DIRECTIONS FOR THIS TASK → Output the entries as they appear, skipping images.

SOURCE INFORMATION →
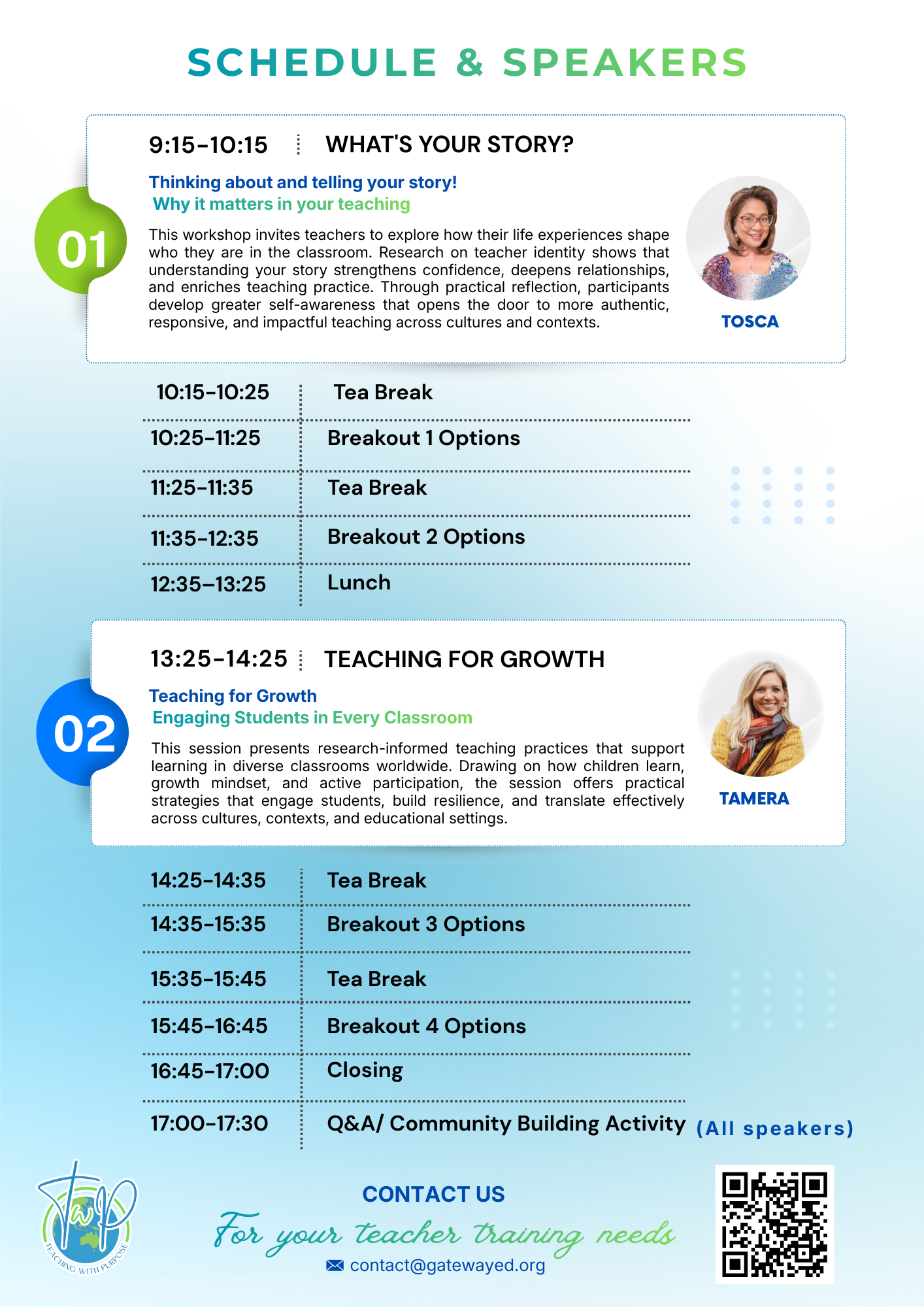 Thinking about and telling your story — why it matters in your teaching This workshop invites teachers to explore how their life experiences shape who they are in the classroom. Research on teacher identity shows that understanding your story strengthens confidence, deepens relationships, and enriches teaching practice. Through practical reflection, participants develop greater self-awareness that opens the door to more authentic, responsive, and impactful teaching across cultures and contexts. |
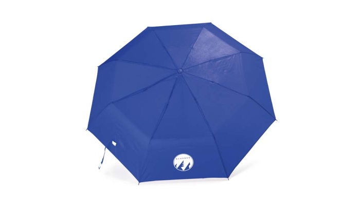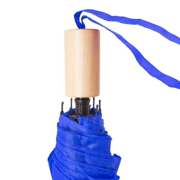 Art. ST6721 Ombrello pieghevole RPET con copertura coordinata. Canna, costole ed estremità in nero. Manico in legno naturale. Chiusura in velcro e apertura manuale.
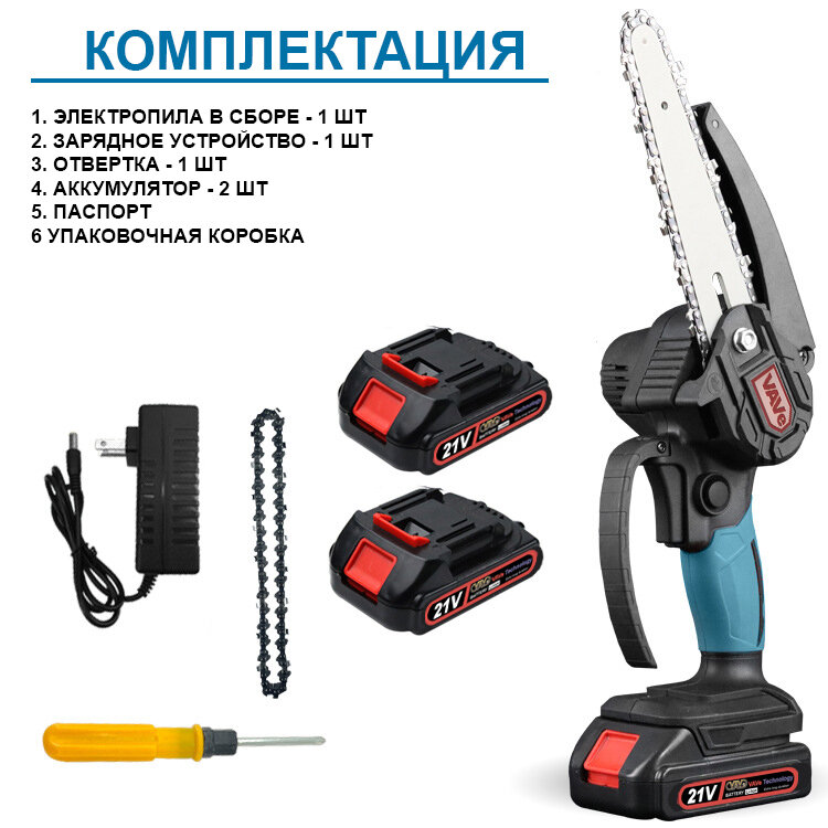 | Комплект поставки | 1* электропила; 1*отвертка; 1*торцевой ключ; 2*аккумулятор; 1*зарядное устройство; 1* руководство; 1 упаковочная коробка; 1* ЗАПАСНАЯ ЦЕПЬ (подарок) |
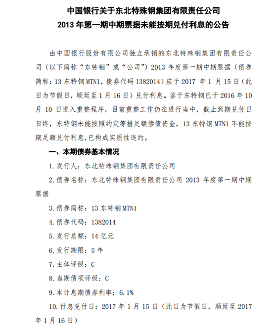 中国铁合金网讯:1月16日,据中国银行关于东北特殊钢集团有限公司的公告称,东北特钢2013年第一期中期票据未按期足额兑付利息,13东特钢MTN1已构成实质性违约。据悉,东北特钢去年已出现数次违约。
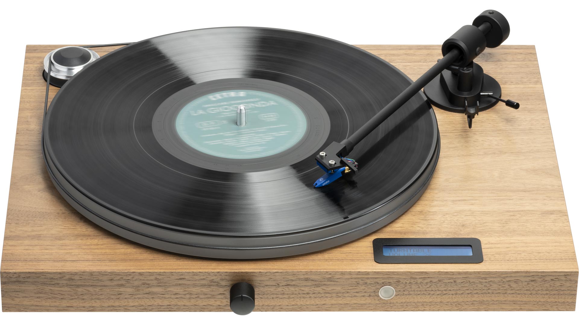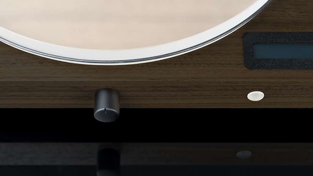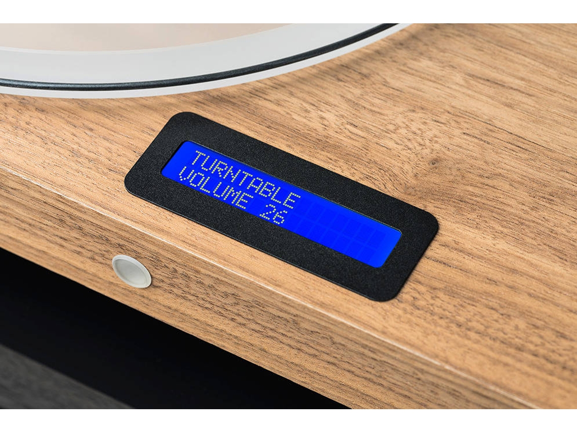 • Painel digital azul num mostrador de madeira clara com texto 'TURNTABLE VOLUME 23'

EXERCISE OUTPUT →
 Thinking about and telling your story — why it matters in your teaching This workshop invites teachers to explore how their life experiences shape who they are in the classroom. Research on teacher identity shows that understanding your story strengthens confidence, deepens relationships, and enriches teaching practice. Through practical reflection, participants develop greater self-awareness that opens the door to more authentic, responsive, and impactful teaching across cultures and contexts. |
 Art. ST6721 Ombrello pieghevole RPET con copertura coordinata. Canna, costole ed estremità in nero. Manico in legno naturale. Chiusura in velcro e apertura manuale.
 | Комплект поставки | 1* электропила; 1*отвертка; 1*торцевой ключ; 2*аккумулятор; 1*зарядное устройство; 1* руководство; 1 упаковочная коробка; 1* ЗАПАСНАЯ ЦЕПЬ (подарок) |
 中国铁合金网讯:1月16日,据中国银行关于东北特殊钢集团有限公司的公告称,东北特钢2013年第一期中期票据未按期足额兑付利息,13东特钢MTN1已构成实质性违约。据悉,东北特钢去年已出现数次违约。
 • Painel digital azul num mostrador de madeira clara com texto 'TURNTABLE VOLUME 23'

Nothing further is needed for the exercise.